Street in Moscow, Russia

Bolshaya Lubyanka Street (known as Dzerzhinskogo Street from 1926–1990) is a radial street in Moscow's Central Administrative Okrug. The street runs north-east from Lubyanka Square to Sretenka Gates Square on the Boulevard Ring. The path of Bolshaya Lubyanka is continued by Sretenka Street (to Garden Ring), Mira Avenue and Yaroslavskoye Shosse and is the starting stretch of the route of M8 highway ("Kholmogory"), connecting Moscow to Sergiyev Posad, Yaroslavl, Vologda, and Arkhangelsk.

==Overview==
The street serves as the boundary between Meshchansky District (west from Bolshaya Lubyanka) and Krasnoselsky District (east).

The first mention of the name "Lubyanka" dates from 1480; it was given to this street in honour of the "Lubyanets", one of the medieval Veliky Novgorod hoods when the Tsar Ivan III ordered the captured citizens of the Novgorod Republic to establish settlements in the place of the contemporary Lubyanka Square.

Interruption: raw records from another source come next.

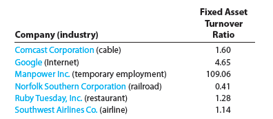 As illustrated on the prior page, the fixed asset turnover ratio can be compared across time for a single company. In addition, the ratio can be compared across companies. For example, the fixed asset turnover ratio for a number of different companies and industries is shown below.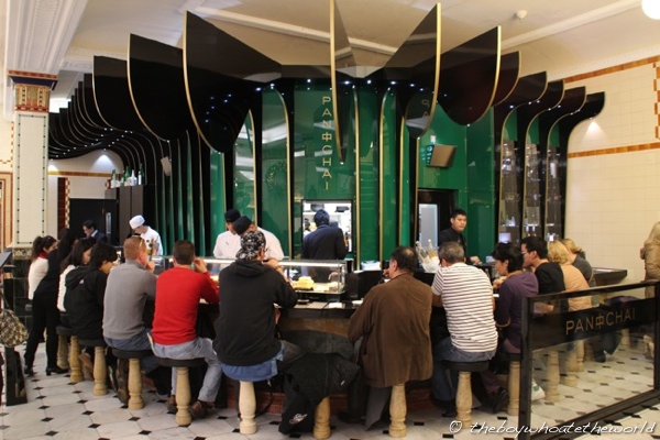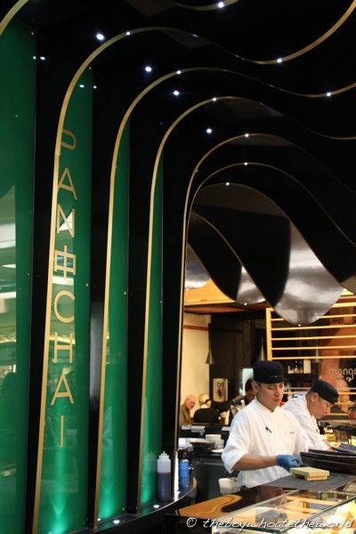 Of all the eateries at Harrods, Pan Chai’s ultra-contemporary food bar is easily the most striking. A glossy wave-like awning wraps around the restaurant’s kitchen… black curves juxtaposed against a stunning jade green and gold backdrop. Despite it being the middle of the week, they had a buzzing lunchtime trade going for them… almost every seat at the bar was filled with well-heeled shoppers and passer-bys tucking into dishes being prepared in real time by the team of chefs behind the counter.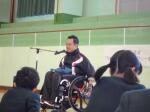 「夢をあきらめない」というテーマで、講演してもらいました。そして、講演の後は、みんなで「ボッチャ」の体験をしました。
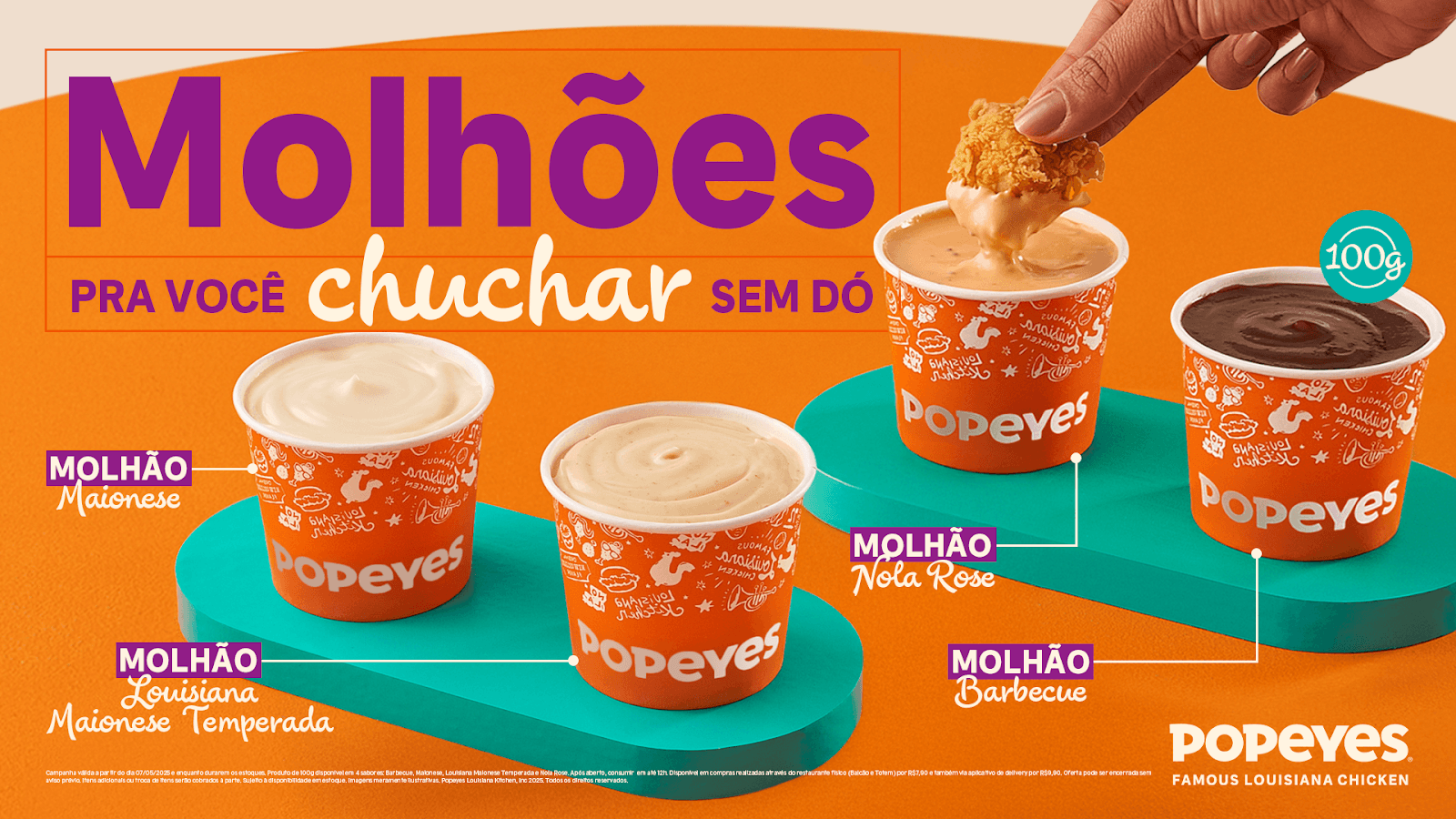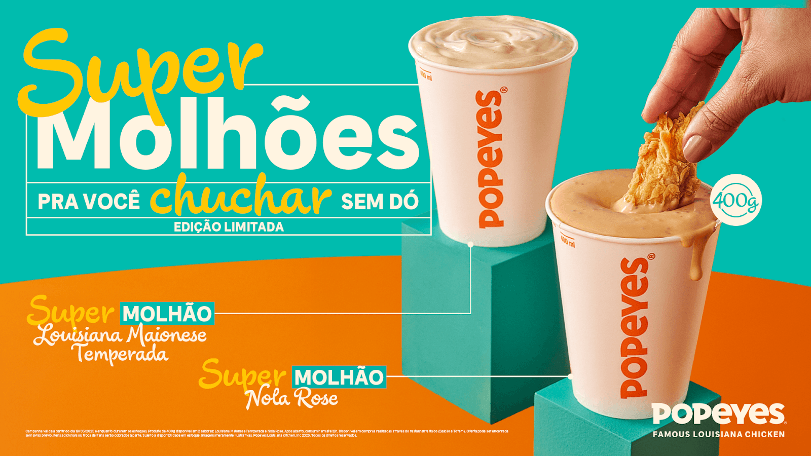 Com uma estratégia que mistura ousadia, autenticidade e forte conexão com o consumidor, Popeyes apostou nos “Super Molhões” e “Molhões” para transformar um coadjuvante clássico da refeição – o molho – em protagonista. Lançados em dois tamanhos e sabores variados, os produtos dialogam diretamente com tendências globais de indulgência, personalização e experiências sensoriais mais intensas.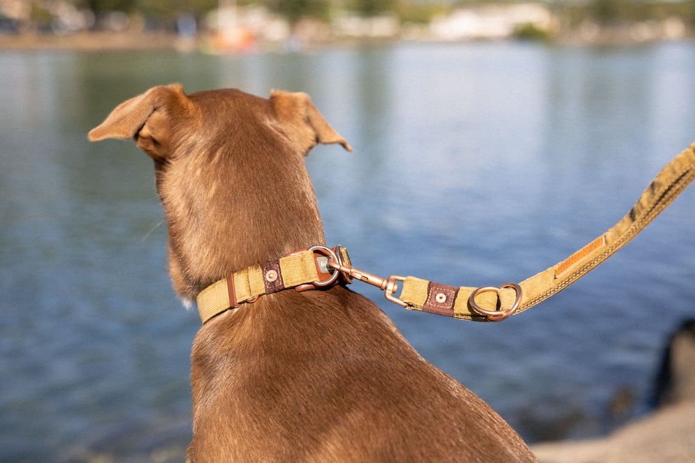 1つのバックルと2つのリングで二重ロック。ソフトな肌触りでありながら耐久性を持つ素材を使用、サイズ調整可能。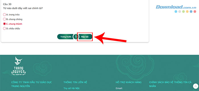 Bước 5: Sau khi hoàn thành bài thi, các em cần nhấn nút Nộp bài ở cuối cùng của bài thi hoặc tại khu vực hiển thị Số câu hỏi đã trả lời.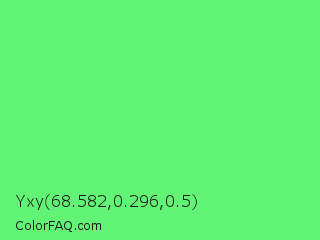 Yxy 68.582,0.296,0.5 Color is a light green color and the nearest color is Screamin Green #66ff66. Hex code #62f475 and RGB value is rgb(98,244,117). In RGB color space, this color is composed of 38% red, 96% green, 46% blue, In CMYK color space, this color is composed of 60% cyan, 0% magenta, 52% yellow , 4% black , In HSL color space, this color has a hue angle of 128° , 87% saturation and 67% lightness.

There is also another version of the origin of the name: there were the places were the locals were taking the splint (Лубок/Lubok) from the trees.

In the 16th and 17th centuries traders and craftsmen were living there, since the 18th century the local nobility began building residences there. During the Fire of 1812 the street did not suffer.

Between 1926 and 1991 the street was known as Dzerzhinskogo Street, after Felix Dzerzhinsky.

The street is also where the KGB's headquarters were, at no. 2.